Exploration for Continually Improving Robots - Robotics Institute Carnegie Mellon University

Exploration for Continually Improving Robots

PhD Thesis, Tech. Report, CMU-RI-TR-24-62, September, 2024

Abstract

Data-driven learning is a powerful paradigm for enabling robots to learn skills. Current prominent approaches involve collecting large datasets of robot behavior via teleoperation or simulation, to then train policies. For these policies to generalize to diverse tasks and scenes, there is a large burden placed on constructing a rich initial dataset, which is bottle-necked by human labor required in collecting demonstrations or careful design of simulation assets and scenes. Can we instead enable robots to learn how to collect their own data for continual improvement? This thesis seeks to tackle this question of exploration, which directs how agents should act, leading to the discovery of useful behavior.

We first consider how to define exploration objectives even in the absence of rewards or demonstrations. To explore new goals, our key insight is that it is easier to identify action sequences that lead to some unknown goal state, than to generate the unknown goal directly. This is enabled by training a world model that can be used to measure the uncertainty of action sequences. For further efficiency for real world deployment, we decouple environment and agent-centric exploration. The former relates to incentivizing actions that lead to change in the visual features of objects which is often beneficial for manipulation tasks, and the latter to uncertainty of the robot’s internal world model.

Next, we ask how to enable generalist robot explorers, for diverse tasks. Our approach is to learn data-driven priors to structure the action space, using human videos. We learn visual affordances, which characterize how objects can be interacted with by hands or end-effectors, providing a very efficient search space for exploration. Further this shared affordance action space can be used to train a joint human-robot world model. The model is first pre-trained on diverse video of human hands performing various tasks, and then fine-tuned with very few robot exploration trajectories. We also study how to efficiently adapt internet-scale video diffusion models using gradient information of a given reward function, which can enable future applications that use such models for planning in robotics.

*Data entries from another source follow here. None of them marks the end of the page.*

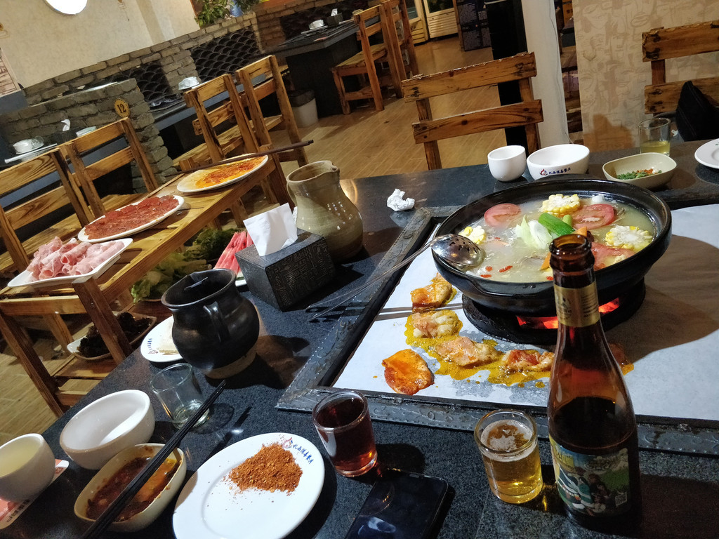 有了昨天走长线的经验 ,短线对我们来说就轻松简单了许多,今天的短线更多的可能是放松身心,再看看这边的美丽景色吧 毕竟下午就要回香格里拉镇了,短线上有着曾经辉煌过 现在却已然落魄的冲古寺 也有着与牛奶海 五色湖齐名的珍珠海 他如同一块跌落在人间的深色翡翠 随着一年四季周围植被颜色的变化 展示出那五光十色的风景 让每一个看过他的人无不为之着迷。相比较如果有轻微高反的人建议大家先选择走短线 适应一下海拔高度的变化 。根据自己的身体情况慎重选择 在高原地区切记一定不要逞强。 当天下午我们也是回到了香格里拉镇 找到了一家镇上生意最为火爆的餐厅享用了他家的烤肉与汤锅为一体的特色菜 味道确实蛮不错的 ,吃过晚餐再到对面的小酒馆坐下喝两杯比利时啤酒 听听民谣演唱 仿佛带我回到了在大理古城清吧里听歌的日子 太惬意了。
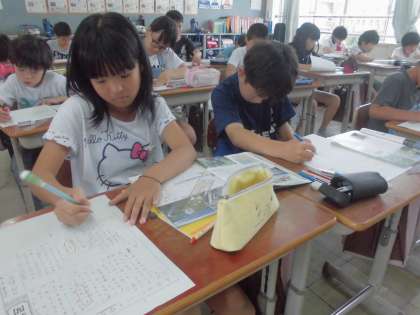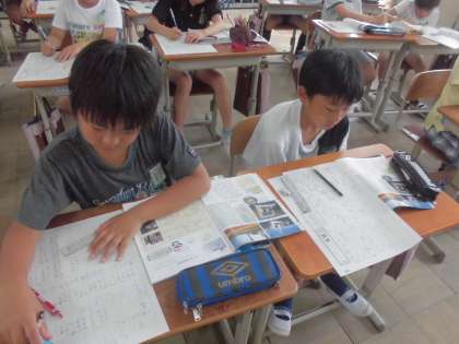 社会科の学習で『低い土地のくらし 〜海津市〜』について学習をしました。この時間では,水害からくらしを守るくふうや水を生かすくふうについて学習したことを新聞にまとめました。
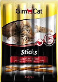Лакомство для кошек GIMBORN GimCat Sticks индейка и кролик 4 штуки - вкусное и полезное лакомство для Вашего питомца. Содержит Витамин D3, Витамин E, Таурин. Изготовлено без добавления зерновых продуктов. В упаковке у 4 палочки. Рекомендовано для взрослых кошек (старше 1 года).
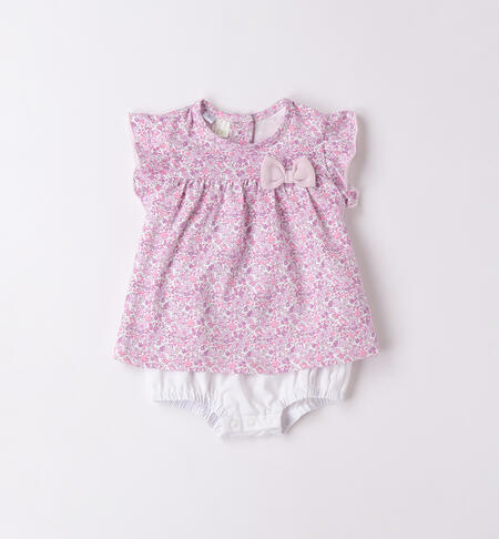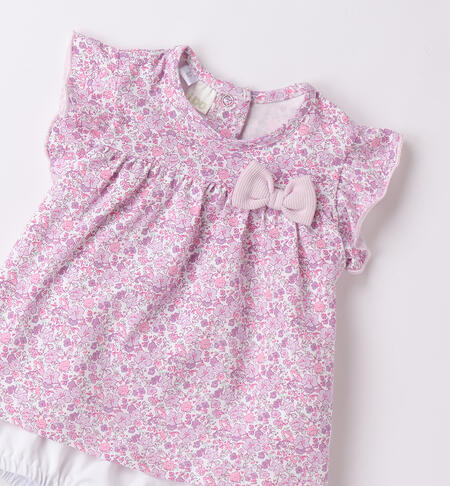 Pagliaccetto neonata estivo iDO 0-18 mesi realizzato in jersey stretch di cotone. Il modello presenta apertura sul retro e nel sottogamba con bottoni a pressione per agevolare il cambio e la vestizione. Il pagliaccetto รจ in fantasia allover nella parte superiore e in tinta unita nella parte inferiore. Fiocco in applicazione.
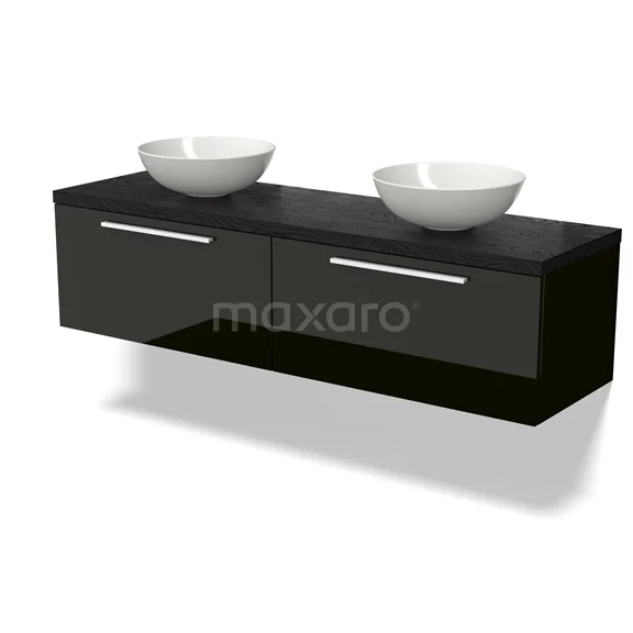 Modulo Plato Vanity units for countertop basin | 160 cm High-gloss black Flat front Black oak worktop 2 Side-by-side drawers
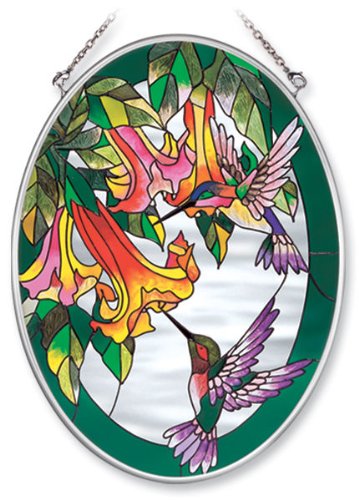 Amia 7232 Hand Painted Glass Suncatcher with Hummingbird Design, 5-1/4-Inch by 7-Inch Oval
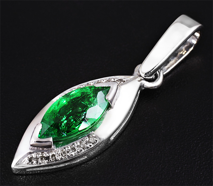 Вашему вниманию предлагается кулон из золота 585 пробы с цаворитом гранатом и 14 бриллиантами массой 0,06 карат! Диаметр бриллиантов 1 мм. Размеры кулона с петлей 33 х 9 мм. Вес 3,5 г. Ниже приводятся ювелирные характеристики цаворита.
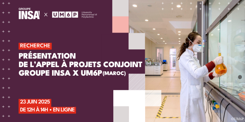 | 23 juin 2025 Chères et chers collègues, Le Groupe INSA et l’Université Mohamed VI Polytechnique (UM6P), au Maroc, ont signé en 2024 un accord de coopération scientifique, affirmant une volonté d’associer leurs potentiels académiques pour répondre aux enjeux du 21e siècle et aux défis du continent africain par la science et l’innovation. L’UM6P a placé l’innovation et la recherche au cœur de sa stratégie de développement et ne cesse de renforcer sa coopération avec le monde académique et les institutions publiques tant au Maroc qu’au niveau international, pour développer l’enseignement supérieur et la recherche. Le Groupe INSA, dont le potentiel scientifique est structuré en cinq enjeux sociétaux, s’engage pour une recherche à impact – de la recherche fondamentale aux transferts technologiques – au service de développements et d’innovations soutenables. Les deux institutions ont souhaité concentrer, dans un premier temps, leurs collaborations sur la recherche. Elles proposent ainsi à leur communauté recherche un appel à projets conjoint, qui cible quatre thématiques scientifiques :• Eau (Water)• Énergies renouvelables (Renewable Energies) • Fabrication intelligence (Smart Manufacturing)• Chimie des procédés (Process Chemistry) |
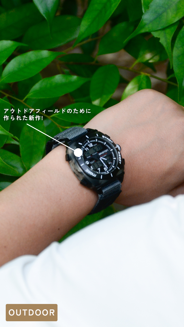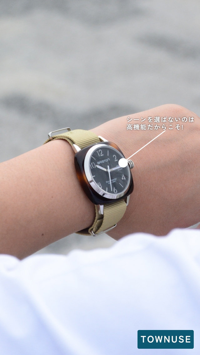 BRISTONらしいクラシカルな雰囲気を纏うマツケリ社別注アセテートのフレームや国産ムーブメントの安心感を残しながら、防塵機能、100m-10m気圧防水とグリップ力と耐久性に優れたオリジナルのナイロンベルトストラップなどアウトドアシーンにぴったりなタフなデザインに。
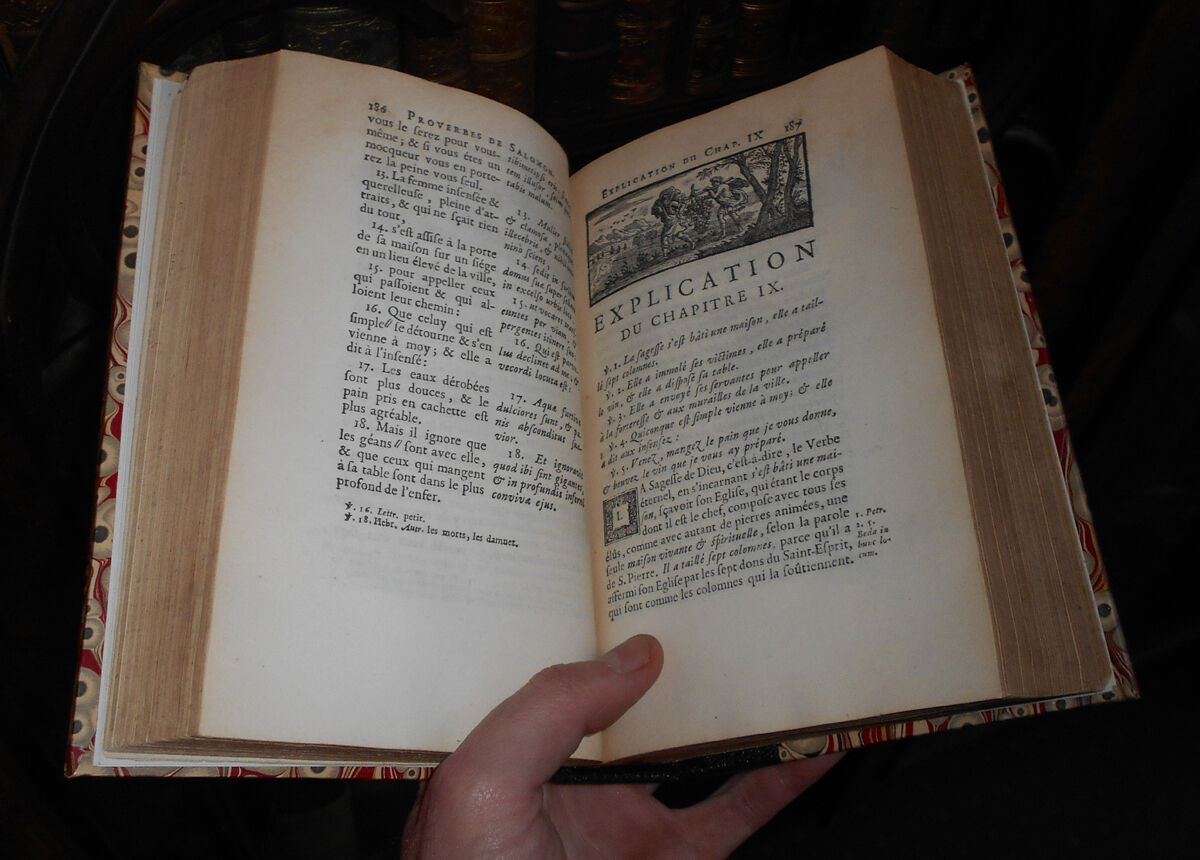8vo. Modern quarter leather binding, black goatskin spine with Italian marble sides, gilt title direct to spine and date at the foot of spine. [36], 796 pp. Title-page vignette. Engraved head and tail-pieces; initials and printed marginalia. Biblical text in Latin and French in parallel columns; commentary in French. Translated by Isaac-Louis Le Maistre de Sacy.
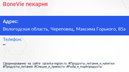 BoneVie, пекарня по адресу Вологодская область, Череповец, Максима Горького, 85а в дальнейшем Организация, размещена в следующих категориях:
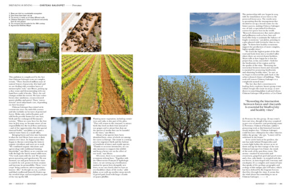 Die Partnerschaft mit der OFA begann 2019 mit der Aufstellung von 200 Bienenstöcken in dem geschützten Waldgebiet. Die Ergebnisse waren so vielversprechend, dass das Führungsduo beschloss, ein Brutzentrum für die künftigen Königinnen einzurichten. So entstand in Château Galoupet eine von nur zwölf Befruchtungsstationen für Bienenköniginnen der Welt. Diese Brutstätte ist für Königinnen bestimmt, die vor Ort geschlüpft sind. „Forschungen belegen, dass heimische Pflanzen und Bestäuber wie Bienen, Fledermäuse und Schmetterlinge zur Bewahrung des Gleichgewichts von fragilen Ökosystemen beitragen, und zeigen auf, wie gesunde Ökosysteme die Erzeugung komplexerer, hochwertigerer Weine unterstützen“, erklärt die Geschäftsführerin.
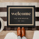 A great gift for newlyweds or new homeowners, our personalized welcome doormat in classic black and tan features "welcome" in modern lettering, with your family name and year established beneath. A wide border completes the design.
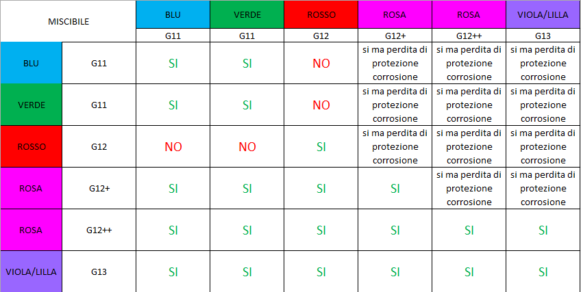 I liquidi antigelo sono colorati per aiutare l’utente a distinguere i liquidi da non mescolare tra di loro. La suddivisione per colori è una banale semplificazione visiva che non deve essere considerata per la scelta del corretto liquido con cui fare rabbocco. Lo standard corretto a cui fare riferimento è indicato nel libretto di uso e manutenzione (vedi sigle G11/G12/G12+/G13)
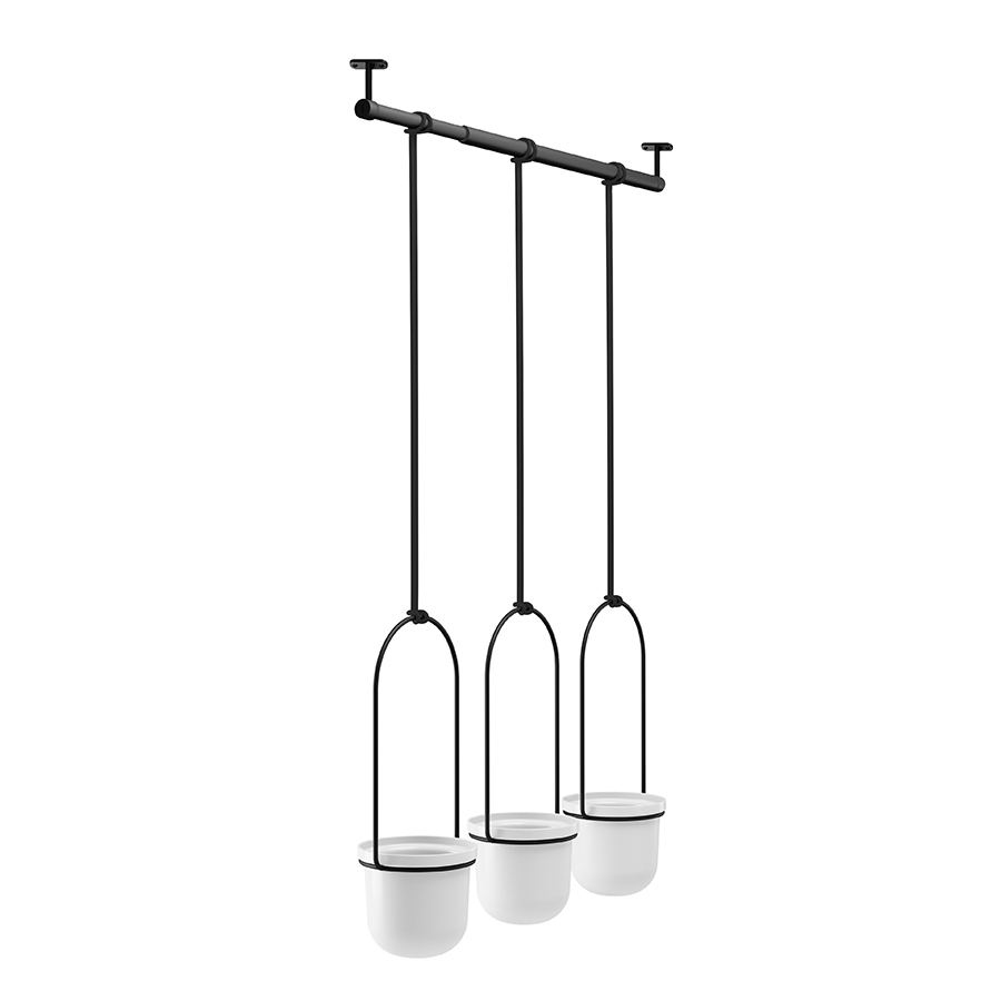 Подвесные горшки Triflora от Umbra станут оригинальным украшением на стене или окне, а также позволят компактно разместить сразу несколько растений и обеспечат их удобный полив. Изготовленные из прочного формованного полипропилена, полученного из вторичной переработки, они остаются легким даже с комнатной зеленью внутри.
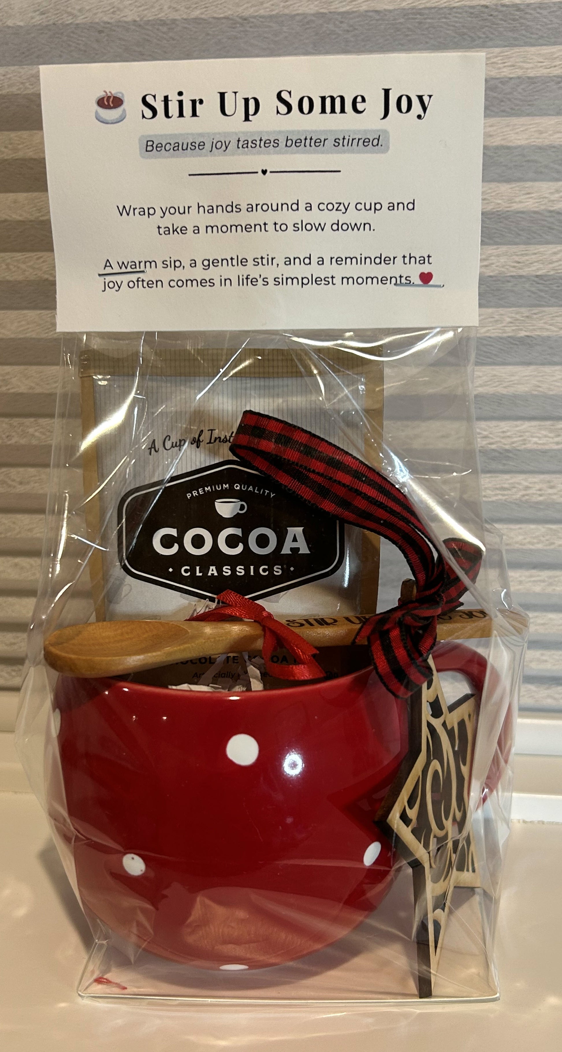 Warm, cozy, and ready for gifting — our Stir Up Some Joy – Star Ornament Holiday Mug Gift Set delivers simple treats and handmade charm. Each set includes a red-and-white polka dot ceramic mug, a laser-engraved wooden “Stir Up Some Joy” spoon, a single-serve hot cocoa mix (flavor varies), and a handcrafted wooden Star Ornament made in-house.

The third question we consider is how to enable greater autonomy for robot explorers. We do so using mobile manipulation systems, as their extended feasible task space and resetting ability allows for continual practice and improvement with minimal human involvement. We show this on a quadruped equipped with an arm that learns to move chairs, sweep trash and vertically stand up dust-pans via real-world RL, as well as a custom wheeled system that learns to open doors across various buildings on campus. Finally, orthogonal to the question of exploration, we discuss how to scale data collection for bimanual dexterous manipulation using low-cost high-fidelity teleoperation as well as procedural scene generation in simulation to learn neural motion planners for robot arms. This is to obtain better initial policies from which robots can explore.

BibTeX

@phdthesis{Mendonca-2024-143441,
author = {Russell Mendonca},
title = {Exploration for Continually Improving Robots},
year = {2024},
month = {September},
school = {Carnegie Mellon University},
address = {Pittsburgh, PA},
number = {CMU-RI-TR-24-62},
keywords = {Reinforcement Learning, Robot Learning, Manipulation},
}